[Items listed in a dataset]
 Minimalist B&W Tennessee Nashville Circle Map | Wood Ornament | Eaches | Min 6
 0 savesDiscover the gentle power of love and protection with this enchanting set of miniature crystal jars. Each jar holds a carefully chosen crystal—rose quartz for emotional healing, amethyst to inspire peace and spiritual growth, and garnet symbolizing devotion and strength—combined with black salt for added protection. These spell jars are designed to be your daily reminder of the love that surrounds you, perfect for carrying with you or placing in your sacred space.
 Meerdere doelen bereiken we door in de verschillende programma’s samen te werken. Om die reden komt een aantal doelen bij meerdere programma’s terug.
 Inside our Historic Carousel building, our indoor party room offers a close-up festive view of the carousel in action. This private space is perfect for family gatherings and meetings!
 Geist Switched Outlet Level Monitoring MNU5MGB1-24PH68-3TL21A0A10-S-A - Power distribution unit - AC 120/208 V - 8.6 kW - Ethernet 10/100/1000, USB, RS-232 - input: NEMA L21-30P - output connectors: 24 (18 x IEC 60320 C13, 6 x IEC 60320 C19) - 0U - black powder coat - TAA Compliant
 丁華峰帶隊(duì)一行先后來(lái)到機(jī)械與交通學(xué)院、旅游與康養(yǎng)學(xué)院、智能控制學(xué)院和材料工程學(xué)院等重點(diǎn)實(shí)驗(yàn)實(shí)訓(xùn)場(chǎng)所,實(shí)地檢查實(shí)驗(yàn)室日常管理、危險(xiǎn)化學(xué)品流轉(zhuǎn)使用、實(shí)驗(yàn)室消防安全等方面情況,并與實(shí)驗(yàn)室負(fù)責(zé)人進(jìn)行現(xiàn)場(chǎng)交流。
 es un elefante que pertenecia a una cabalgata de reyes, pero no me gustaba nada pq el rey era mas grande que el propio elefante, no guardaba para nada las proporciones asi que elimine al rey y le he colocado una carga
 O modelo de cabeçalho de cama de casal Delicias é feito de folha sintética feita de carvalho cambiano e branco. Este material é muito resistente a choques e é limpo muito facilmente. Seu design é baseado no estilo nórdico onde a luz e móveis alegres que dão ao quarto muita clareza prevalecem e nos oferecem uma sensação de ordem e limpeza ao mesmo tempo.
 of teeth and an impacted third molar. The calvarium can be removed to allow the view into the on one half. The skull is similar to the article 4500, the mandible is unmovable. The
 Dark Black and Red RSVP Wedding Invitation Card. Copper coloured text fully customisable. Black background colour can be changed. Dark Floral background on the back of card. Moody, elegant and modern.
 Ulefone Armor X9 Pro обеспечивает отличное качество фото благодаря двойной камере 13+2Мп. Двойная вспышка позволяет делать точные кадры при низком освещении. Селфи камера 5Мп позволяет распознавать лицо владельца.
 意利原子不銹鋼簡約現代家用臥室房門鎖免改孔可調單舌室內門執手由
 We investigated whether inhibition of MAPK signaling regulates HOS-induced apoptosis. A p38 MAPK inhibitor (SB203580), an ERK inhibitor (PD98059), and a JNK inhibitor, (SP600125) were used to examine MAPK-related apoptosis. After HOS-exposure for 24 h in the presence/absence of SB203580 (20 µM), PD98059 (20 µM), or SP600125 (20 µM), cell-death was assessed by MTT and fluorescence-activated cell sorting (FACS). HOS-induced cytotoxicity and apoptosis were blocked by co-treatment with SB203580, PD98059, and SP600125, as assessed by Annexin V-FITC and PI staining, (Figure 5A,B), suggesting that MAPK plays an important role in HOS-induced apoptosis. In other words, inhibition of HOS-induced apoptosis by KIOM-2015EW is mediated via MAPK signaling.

● Problem description
The full set of entries should be copied out exactly as given.

● Task output
 Minimalist B&W Tennessee Nashville Circle Map | Wood Ornament | Eaches | Min 6
 0 savesDiscover the gentle power of love and protection with this enchanting set of miniature crystal jars. Each jar holds a carefully chosen crystal—rose quartz for emotional healing, amethyst to inspire peace and spiritual growth, and garnet symbolizing devotion and strength—combined with black salt for added protection. These spell jars are designed to be your daily reminder of the love that surrounds you, perfect for carrying with you or placing in your sacred space.
 Meerdere doelen bereiken we door in de verschillende programma’s samen te werken. Om die reden komt een aantal doelen bij meerdere programma’s terug.
 Inside our Historic Carousel building, our indoor party room offers a close-up festive view of the carousel in action. This private space is perfect for family gatherings and meetings!
 Geist Switched Outlet Level Monitoring MNU5MGB1-24PH68-3TL21A0A10-S-A - Power distribution unit - AC 120/208 V - 8.6 kW - Ethernet 10/100/1000, USB, RS-232 - input: NEMA L21-30P - output connectors: 24 (18 x IEC 60320 C13, 6 x IEC 60320 C19) - 0U - black powder coat - TAA Compliant
 丁華峰帶隊(duì)一行先后來(lái)到機(jī)械與交通學(xué)院、旅游與康養(yǎng)學(xué)院、智能控制學(xué)院和材料工程學(xué)院等重點(diǎn)實(shí)驗(yàn)實(shí)訓(xùn)場(chǎng)所,實(shí)地檢查實(shí)驗(yàn)室日常管理、危險(xiǎn)化學(xué)品流轉(zhuǎn)使用、實(shí)驗(yàn)室消防安全等方面情況,并與實(shí)驗(yàn)室負(fù)責(zé)人進(jìn)行現(xiàn)場(chǎng)交流。
 es un elefante que pertenecia a una cabalgata de reyes, pero no me gustaba nada pq el rey era mas grande que el propio elefante, no guardaba para nada las proporciones asi que elimine al rey y le he colocado una carga
 O modelo de cabeçalho de cama de casal Delicias é feito de folha sintética feita de carvalho cambiano e branco. Este material é muito resistente a choques e é limpo muito facilmente. Seu design é baseado no estilo nórdico onde a luz e móveis alegres que dão ao quarto muita clareza prevalecem e nos oferecem uma sensação de ordem e limpeza ao mesmo tempo.
 of teeth and an impacted third molar. The calvarium can be removed to allow the view into the on one half. The skull is similar to the article 4500, the mandible is unmovable. The
 Dark Black and Red RSVP Wedding Invitation Card. Copper coloured text fully customisable. Black background colour can be changed. Dark Floral background on the back of card. Moody, elegant and modern.
 Ulefone Armor X9 Pro обеспечивает отличное качество фото благодаря двойной камере 13+2Мп. Двойная вспышка позволяет делать точные кадры при низком освещении. Селфи камера 5Мп позволяет распознавать лицо владельца.
 意利原子不銹鋼簡約現代家用臥室房門鎖免改孔可調單舌室內門執手由
 We investigated whether inhibition of MAPK signaling regulates HOS-induced apoptosis. A p38 MAPK inhibitor (SB203580), an ERK inhibitor (PD98059), and a JNK inhibitor, (SP600125) were used to examine MAPK-related apoptosis. After HOS-exposure for 24 h in the presence/absence of SB203580 (20 µM), PD98059 (20 µM), or SP600125 (20 µM), cell-death was assessed by MTT and fluorescence-activated cell sorting (FACS). HOS-induced cytotoxicity and apoptosis were blocked by co-treatment with SB203580, PD98059, and SP600125, as assessed by Annexin V-FITC and PI staining, (Figure 5A,B), suggesting that MAPK plays an important role in HOS-induced apoptosis. In other words, inhibition of HOS-induced apoptosis by KIOM-2015EW is mediated via MAPK signaling.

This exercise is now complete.